You’ve almost certainly heard of Poets’ Corner, the spot within Westminster Abbey given over to the commemoration of the nation’s authors, poets and playwrights. Amongst dozens of others you’ll find Chaucer’s tomb, plaques to Edward Lear, Wordsworth, D H Lawrence and the Bronte sisters, the graves of Dickens and Browning, a statue of Shakespeare and the bust of Longfellow, windows to the memory of Marlowe, Oscar Wilde and Mrs Gaskell.
But it’s not the only such grouping within the Abbey. There’s ‘musicians’ aisle’, the ‘statesmen’s aisle’ and, in front of the choir screen that divides the nave, ‘scientists’ corner’.

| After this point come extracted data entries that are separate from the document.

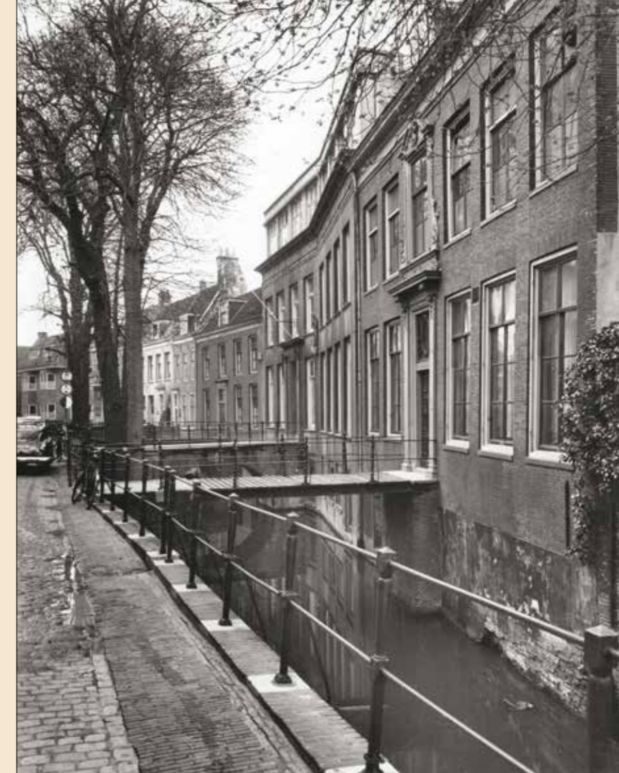
Bonifacius-Lyceum met het toegangsbruggetje, Kromme Nieuwegracht 3, ca. 1950.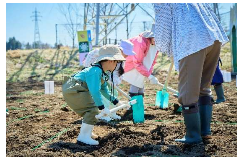
「うねうねチャレンジ」

ボックスに入った野菜の種の模型をさわって、芽→花→実へ育つまでの絵合わせゲームに挑戦します。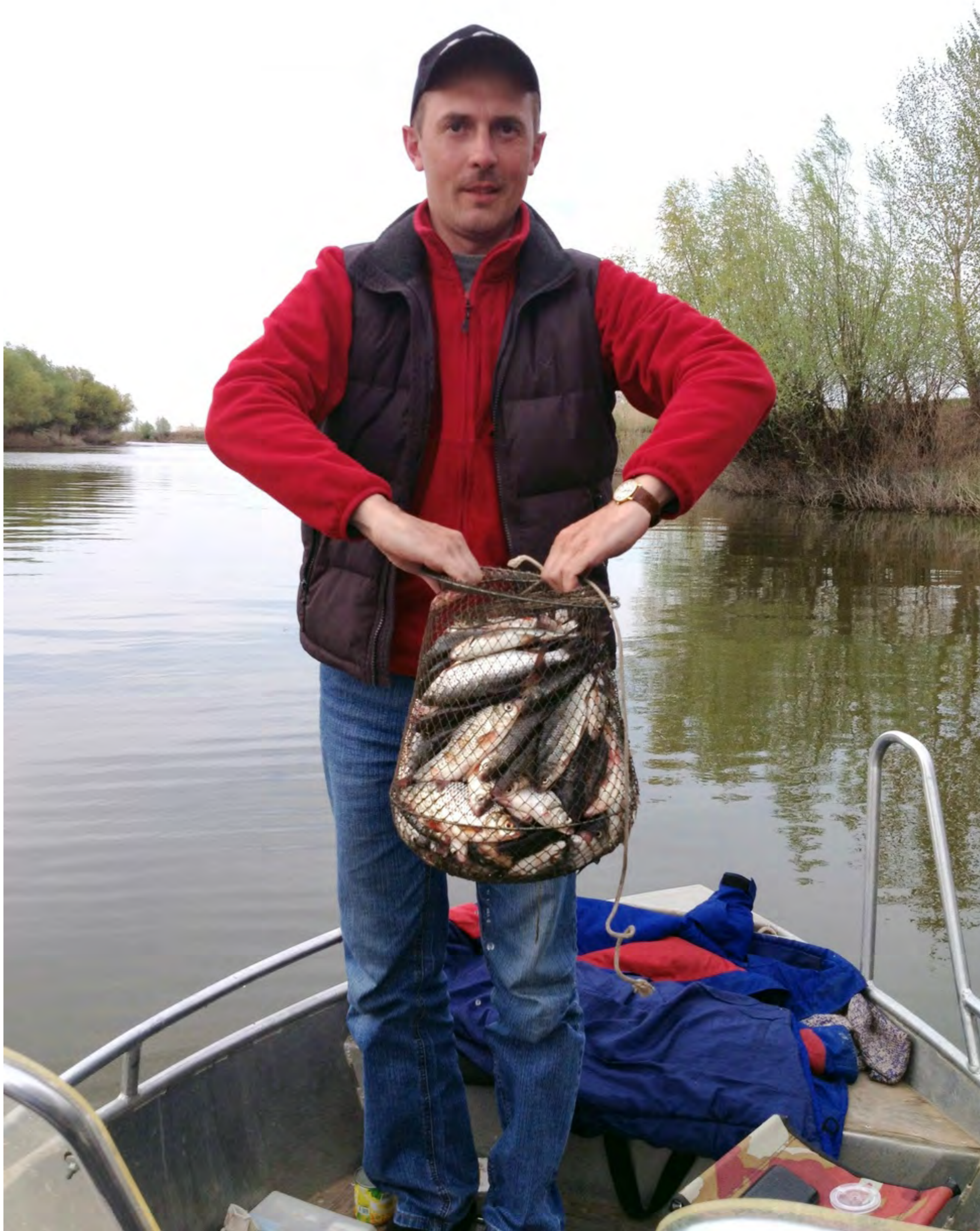
Вот что мы сегодня наловили!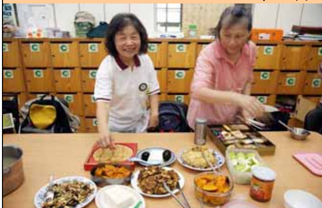
這喜餅看起來太好吃了，真想先嚐一下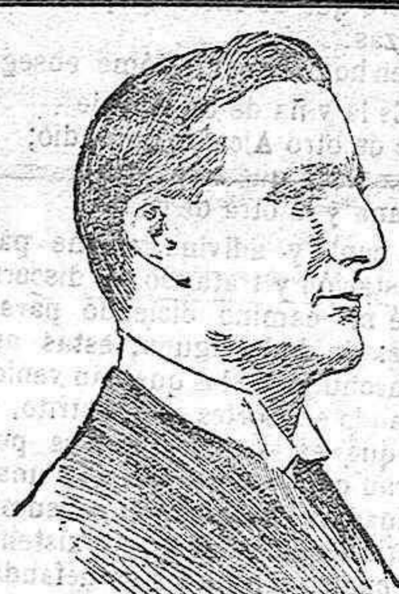
Sir Grey, ministro de Estado de Inglate- rra, autor de la idea de someter el ac- tual conflicto austro-servio á una con- ferencia internacional.

Sin embargo, aún no se ha llamado á declarar á ninguno. En cambio se exami- nó sin demora á ocho ó diez sujetos desi- gnados por los inventores de la sedición. Se informe, pues, el nombramiento de un Juez especial que no esté unido por lazos de amistad ni de gratitud con el conde de Torrepiñares y que tampoco sea capaz de rendir pleitesía al mismo, á fin de que continúe con actividad la instruc- ción de los referidos sumarios. De esa manera es más fácil que resplandezca la verdad y se imponga en su día el castigo que proceda á los autores de los sucesos ocurridos en Cabeza de la Vaca la noche del 5 de Julio y que costaron la vida al desdichado Dámaso Lemus.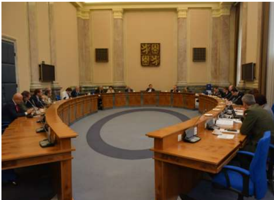
Zasedací sál vlády České republiky, zasedání Legislativní rady vlády dne 26. října 2017.

začnící jednotka Úřadu vlády České republiky, jehož vedoucí byl sice označován jako sekretář Legislativní rady, nicméně nebyl ani členem Legislativní rady, ani přímo podřízen jejímu předsedovi.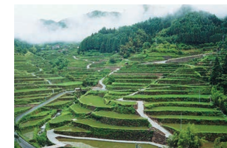
「日本の棚田百選」にも選ばれたつづら棚田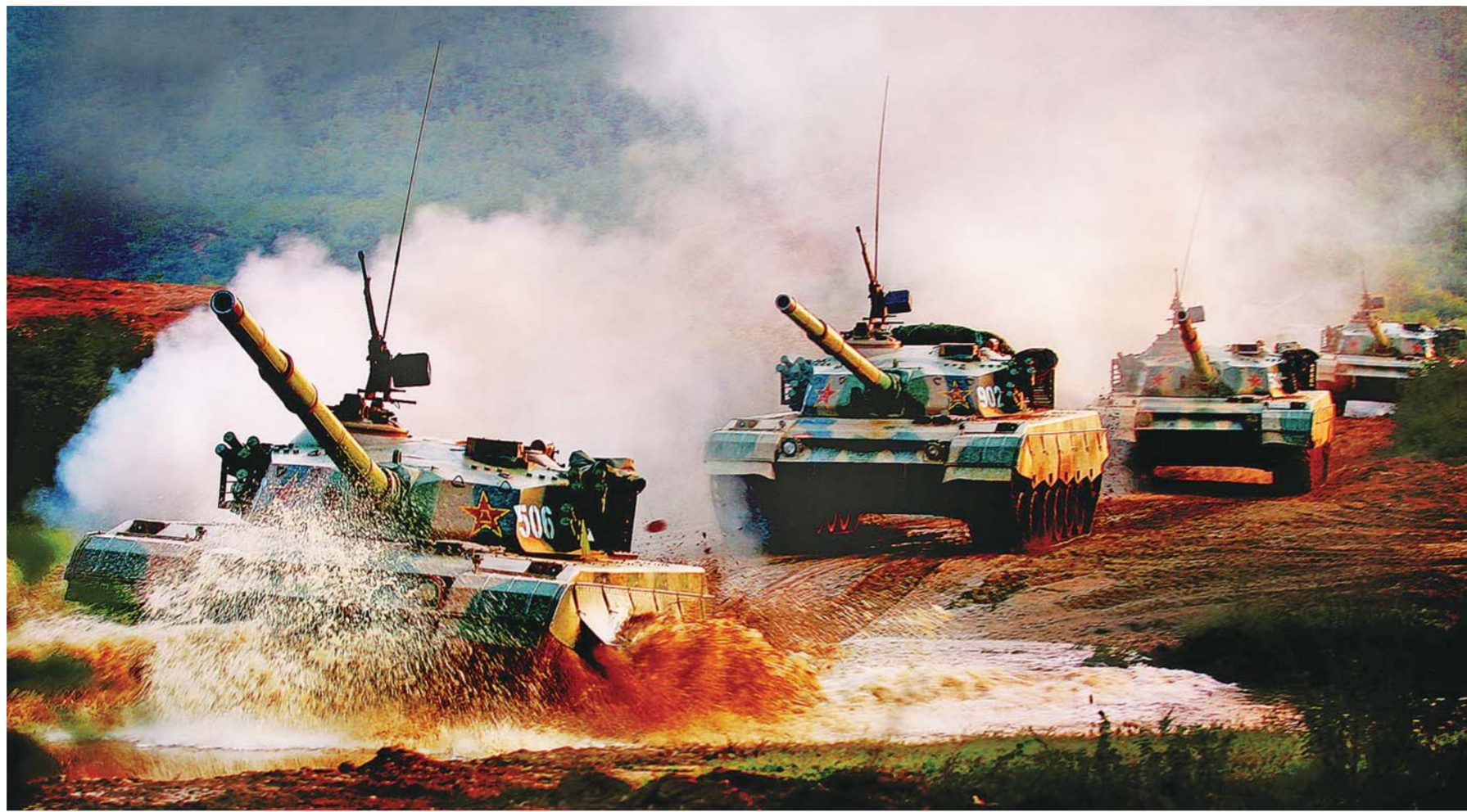
▲“铁拳——2004”演习期间，陆军第54集团军某红军师装甲战车向演习地域开进。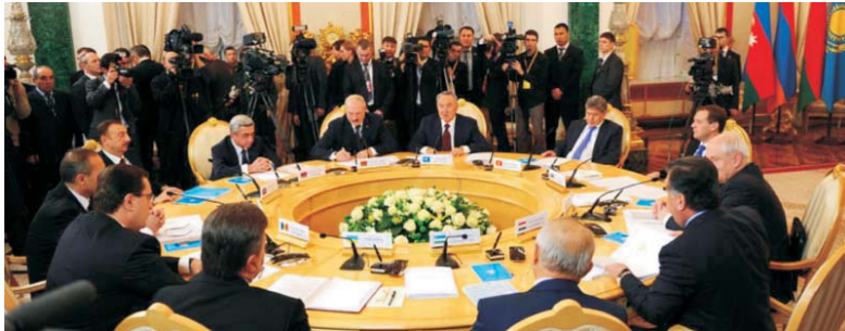
Президент Республики Казахстан Н.А. Назарбаев во время выступления на юбилейном заседании Совета глав государств — участников СНГ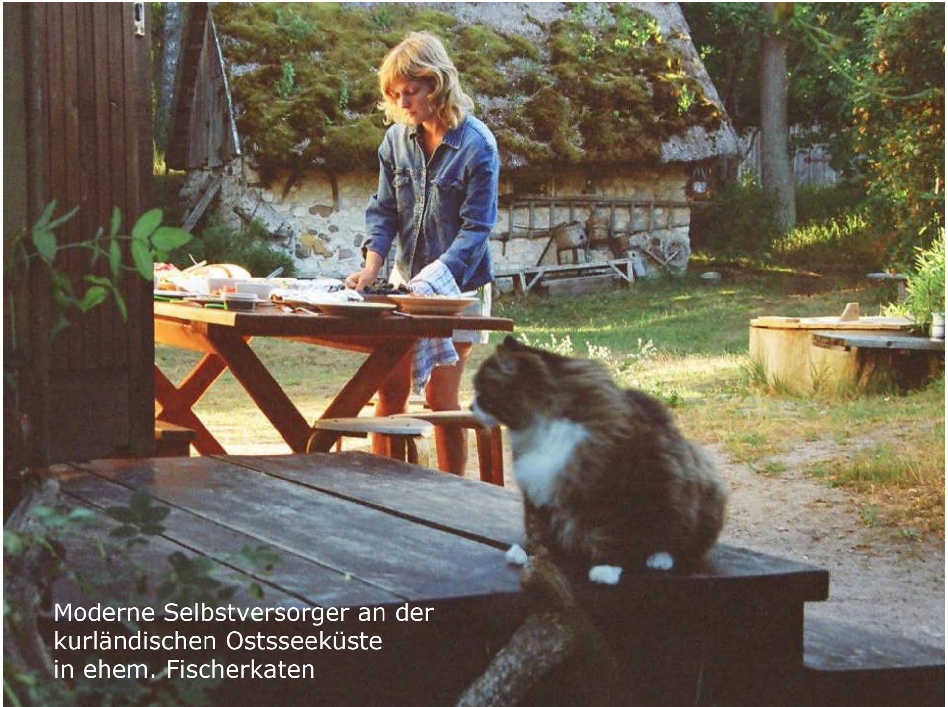
Moderne Selbstversorger an der kurländischen Ostseeküste in ehem. Fischerkaten

This is the group of graves and memorials centred on the grave and commemorative statue to Sir Isaac Newton (1643-1727), the eminent scientist of the period. Responsible for advances in mathematics, optics, physics, astronomy; deviser of calculus, laws of motion and gravitational theory, he is one of the towering figures of science. “Hic depositum est, quod mortale fuit Isaaci Newtoni” says the epitaph on the grey marble slab that covers him: “here lies what was mortal of Isaac Newton”. The English translation is repeated on the nearby memorial stone to Stephen Hawking, a successor to Newton as Lucasian Professor of Mathematics at Cambridge University. Hawking’s ashes were interred in the Abbey in 2018.